▸ Given material
=-=-=
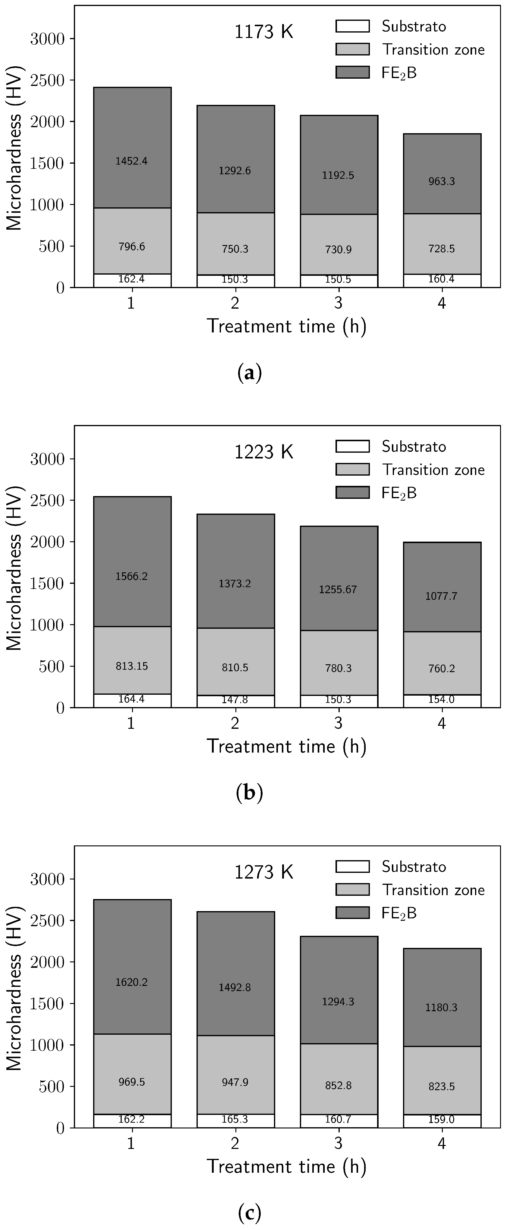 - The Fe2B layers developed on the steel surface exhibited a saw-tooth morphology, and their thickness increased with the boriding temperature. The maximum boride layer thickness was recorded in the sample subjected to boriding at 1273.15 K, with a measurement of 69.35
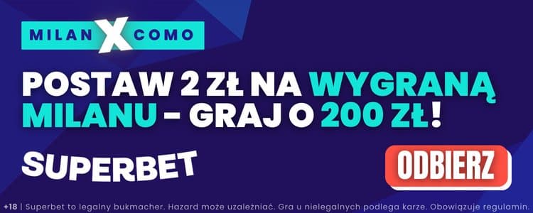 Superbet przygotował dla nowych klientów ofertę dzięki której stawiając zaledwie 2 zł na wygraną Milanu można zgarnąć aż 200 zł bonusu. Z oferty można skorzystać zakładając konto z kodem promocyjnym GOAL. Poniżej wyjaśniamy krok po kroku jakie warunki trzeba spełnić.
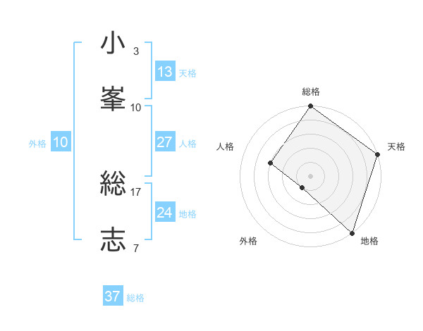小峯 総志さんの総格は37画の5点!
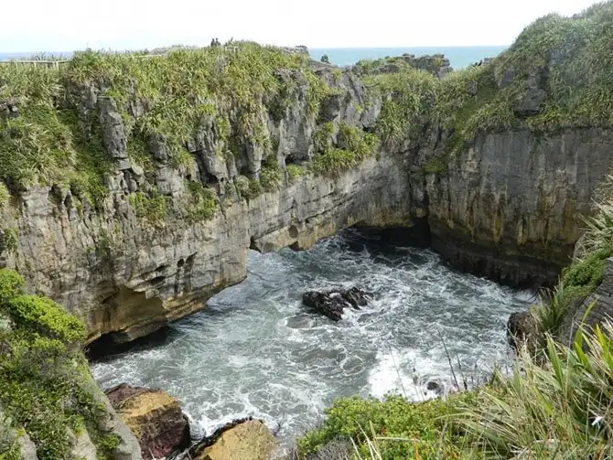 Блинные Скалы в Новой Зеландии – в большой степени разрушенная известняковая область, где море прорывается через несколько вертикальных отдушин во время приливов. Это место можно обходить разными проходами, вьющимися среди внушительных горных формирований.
=-=-=
▸ What you will do
Could you return the whole listing exactly, images excluded?

▸ Response area
 - The Fe2B layers developed on the steel surface exhibited a saw-tooth morphology, and their thickness increased with the boriding temperature. The maximum boride layer thickness was recorded in the sample subjected to boriding at 1273.15 K, with a measurement of 69.35
 Superbet przygotował dla nowych klientów ofertę dzięki której stawiając zaledwie 2 zł na wygraną Milanu można zgarnąć aż 200 zł bonusu. Z oferty można skorzystać zakładając konto z kodem promocyjnym GOAL. Poniżej wyjaśniamy krok po kroku jakie warunki trzeba spełnić.
小峯 総志さんの総格は37画の5点!
 Блинные Скалы в Новой Зеландии – в большой степени разрушенная известняковая область, где море прорывается через несколько вертикальных отдушин во время приливов. Это место можно обходить разными проходами, вьющимися среди внушительных горных формирований.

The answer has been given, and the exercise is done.